• _What you should do_:
Every line from the one with "Après l'incubation, 1mL" to the final line of the records should be printed exactly as it is, with pictures left out.

++++ Material provided

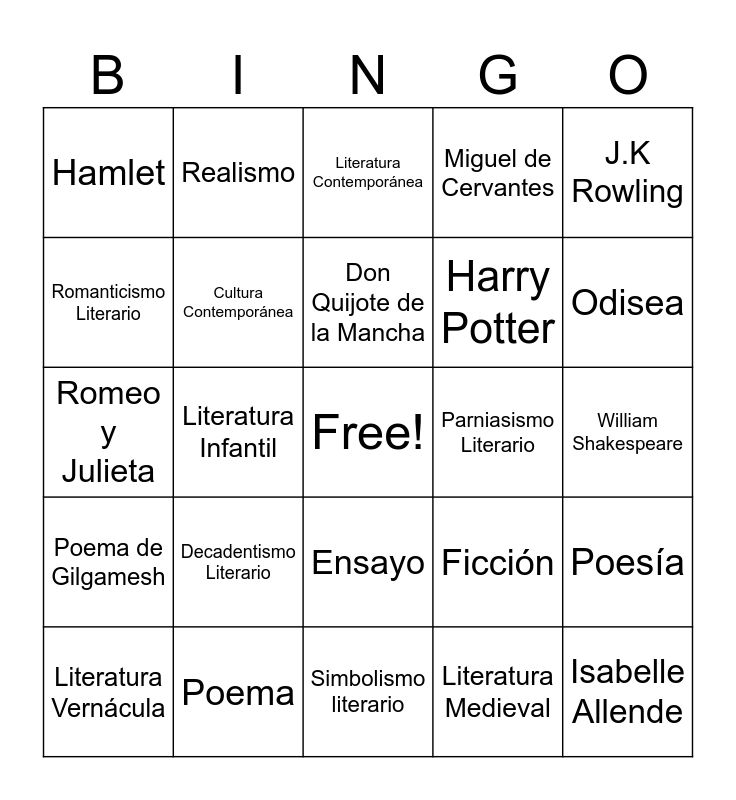 This bingo card has a free space and 24 words: Decadentismo Literario, Poema, Don Quijote de la Mancha, Literatura Vernácula, J.K Rowling, Hamlet, Romanticismo Literario, Realismo, Parniasismo Literario, Ensayo, Harry Potter, Romeo y Julieta, Ficción, Poesía, Cultura Contemporánea, Literatura Medieval, William Shakespeare, Literatura Contemporánea, Odisea, Literatura Infantil, Isabelle Allende, Poema de Gilgamesh, Miguel de Cervantes and Simbolismo literario.
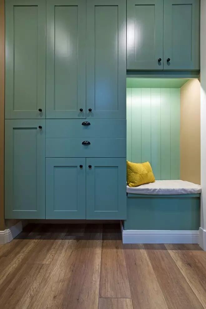 入户门厅的薄荷绿鞋柜,给人眼前一亮的感觉,空间的充分利用增加了储物空间,毕竟有两个孩子,放置东西的地方怎么能少。
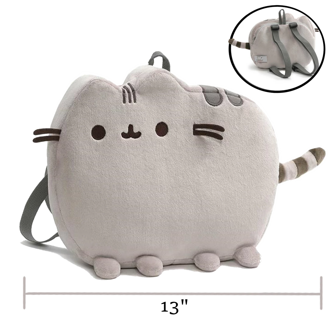 - CAT + BACKPACK: This 13` Pusheen plush backpack is the perfect size to pack up the necessities (snacks) to make any adventure a little more fun. Features secure straps & a durable zipper.
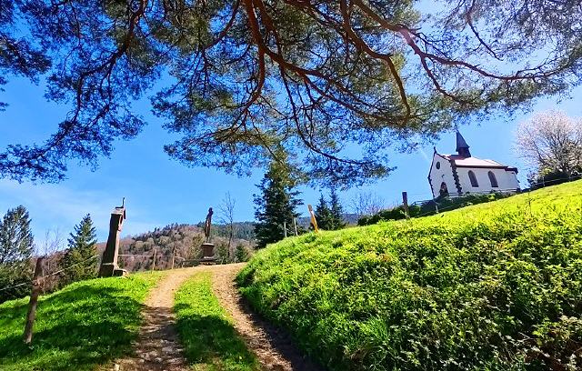 Die schon von weitem sichtbare Kreuzbergkapelle bei Buchenbach liegt auf 568 m Höhe. Von dort hat man bei guter Sicht einen ausgezeichneten Blick über das ganze Dreisamtal nach Freiburg bis hin zu den Vogesen. Ein schön angelegter Kreuzweg mit 14 Stationen führt vom Hitzenhof aus in Buchenbach hinauf zur Kapelle. Bild antippen!
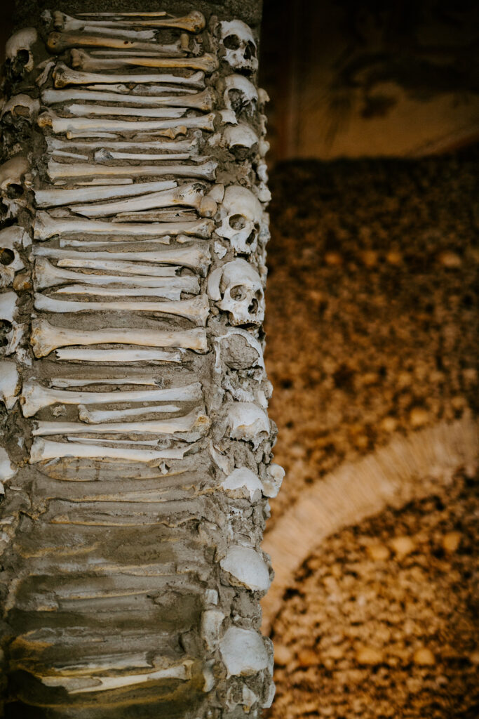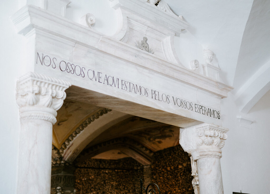 - Évora is home to the Chapel of Bones. Built in the late 1500s, it was modeled after the San Bernadino alla Ossa in Milan, Italy. There are nearly 5,000 corpses buried there. There were many cemeteries in and around the city and in an effort to make more land available but still give their bodies a resting place, the Chapel of Bones was constructed. The bones were put on display for everyone to see. These bones were to serve as a reminder to its residents (who were largely wealthy at the time) of just how fleeting life is. To further drive home that notion is the inscription written above the entrance:
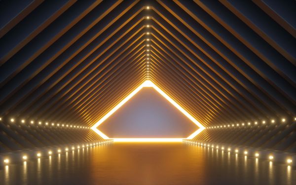 Een lichtgevende 3D tunnel op fotobehang. Doordat de tunnel een 3D effect heeft creëert dit behang meer diepte in de kamer.
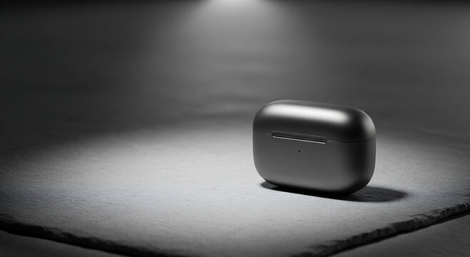 A sleek, modern wireless earbud charging case resting on a textured surface under a dramatic spotlight
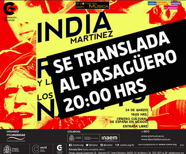 El concierto con La India Martinez, Rulo y la Contrabanda y Los Nastys cambia de sede al Pasagüero, a la misma hora (20 h) y con entrada libre hasta que se alcance la capacidad del lugar. (Los boletos que se habían entregado serán válidos).
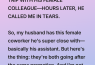 “I… it’s okay,” he said. “What’s wrong, honey?” I asked. “Tell me.
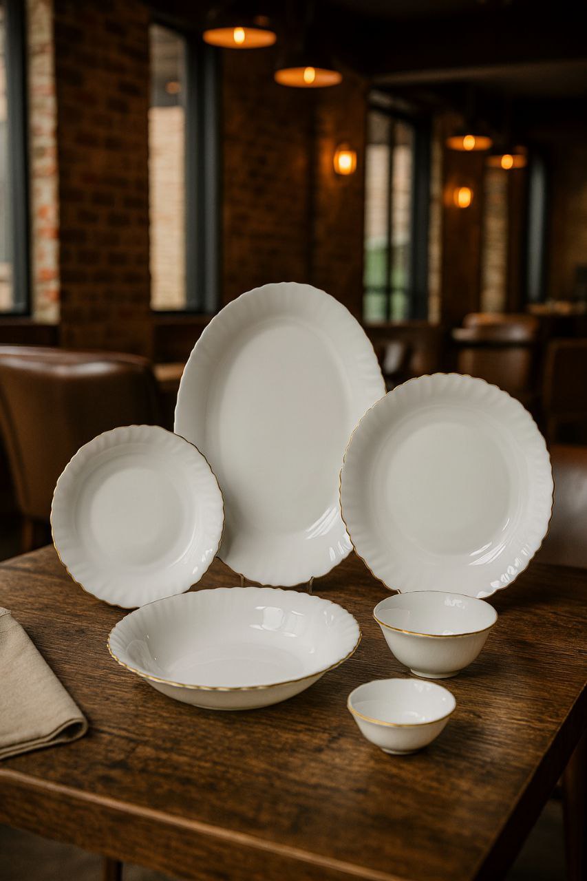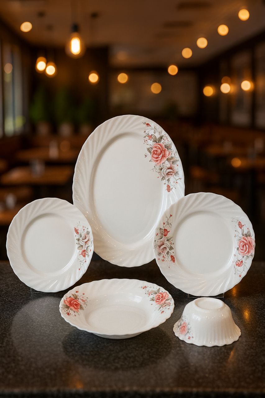 ست شامل: ۶ پلوخوری / ۶ خورشتی / ۶ پیشدستی / ۶ پیاله / ۱ دیس بزرگ
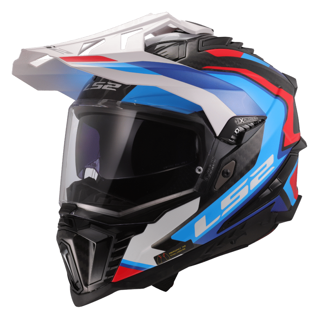 Špičková karbonová enduro helma LS2, integrovaná sluneční clona, čiré opticky přesné Anti-UV plexi s úpravou proti poškrábání, účinné větrání, komfortní antibakteriální antialergický kompletně vyjímatelný a pratelný interiér, rychlé vyjímání lícnic, zapínání dvojitými D-kroužky, 1380g
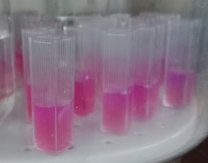 Après l'incubation, 1mL de la soude de chaque pot est prélevé séparément et dans chacun des prélèvements on y ajoute 2mL de chlorure de baryum et quelques gouttes de phénolphtaléine. Le mélange sera de couleur rose. On y ajoute ensuite de l'acide chlorhydrique jusqu'à ce que la solution soit transparente.
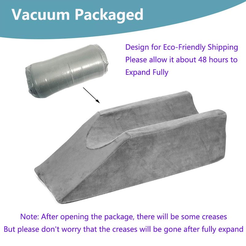 - Size: 19.29*7.87*5.91 inch/49*19.99*15 cm(L*W*H). 【Note】1. This Elevation Pillow may not fit for large legs, please refer and compare to the sizes. 2. Design for Eco-Friendly Shipping, Please allow it about 48 hours to Expand Fully.
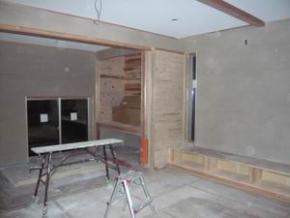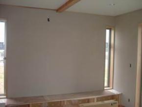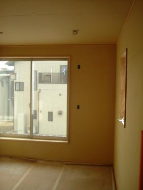 下塗りの段階では薄暗く見えますね・・・仕上げは白い壁になります。
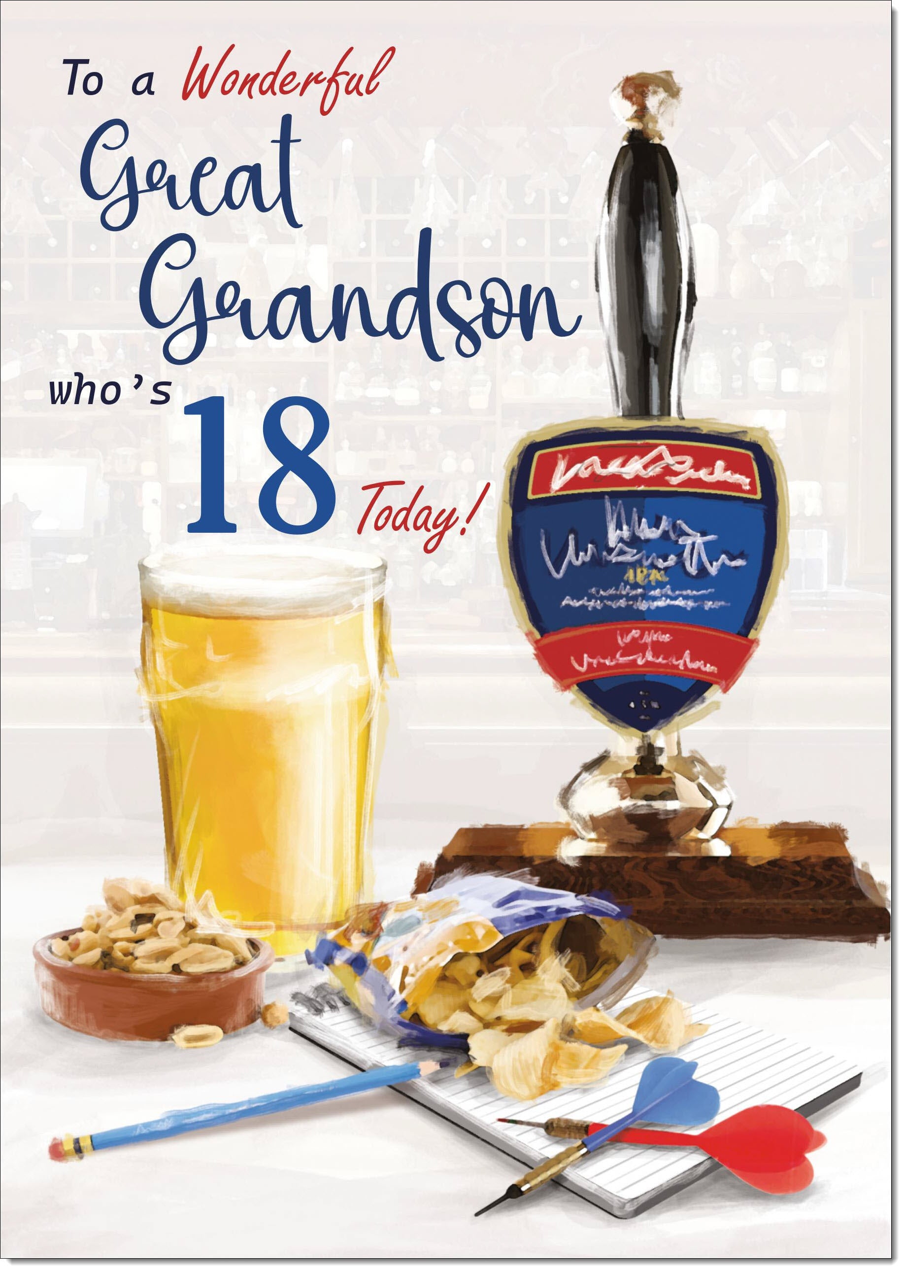 Great Grandson 18th Birthday Card Age 18 Draft Beer
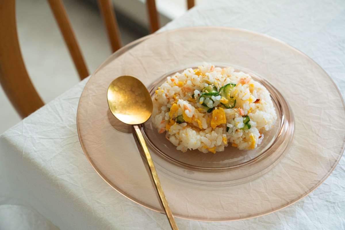 一見華奢に見えるけど、あたるところには適度な厚みがあったりと、意外に実用的なのがこのガラスプレートのいいところ。サラダやおつまみはもちろん、ちらし寿司やチャーハンなどのご飯ものにもよく合う。
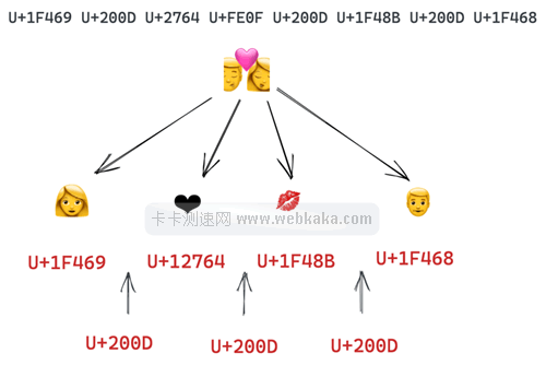 一種解決方案是直接在 Unicode 中添加一個表示一對的符號,但是這種解決方案占用了太多的 Unicode 資源。為了方便,人們發明了 Emoji ZWJ(ZERO WIDTH JOINER) 序列,它允許我們將不同的 emoji 組合在一起。

++++++++

• _Answer below_:
 Après l'incubation, 1mL de la soude de chaque pot est prélevé séparément et dans chacun des prélèvements on y ajoute 2mL de chlorure de baryum et quelques gouttes de phénolphtaléine. Le mélange sera de couleur rose. On y ajoute ensuite de l'acide chlorhydrique jusqu'à ce que la solution soit transparente.
 - Size: 19.29*7.87*5.91 inch/49*19.99*15 cm(L*W*H). 【Note】1. This Elevation Pillow may not fit for large legs, please refer and compare to the sizes. 2. Design for Eco-Friendly Shipping, Please allow it about 48 hours to Expand Fully.
 下塗りの段階では薄暗く見えますね・・・仕上げは白い壁になります。
 Great Grandson 18th Birthday Card Age 18 Draft Beer
 一見華奢に見えるけど、あたるところには適度な厚みがあったりと、意外に実用的なのがこのガラスプレートのいいところ。サラダやおつまみはもちろん、ちらし寿司やチャーハンなどのご飯ものにもよく合う。
 一種解決方案是直接在 Unicode 中添加一個表示一對的符號,但是這種解決方案占用了太多的 Unicode 資源。為了方便,人們發明了 Emoji ZWJ(ZERO WIDTH JOINER) 序列,它允許我們將不同的 emoji 組合在一起。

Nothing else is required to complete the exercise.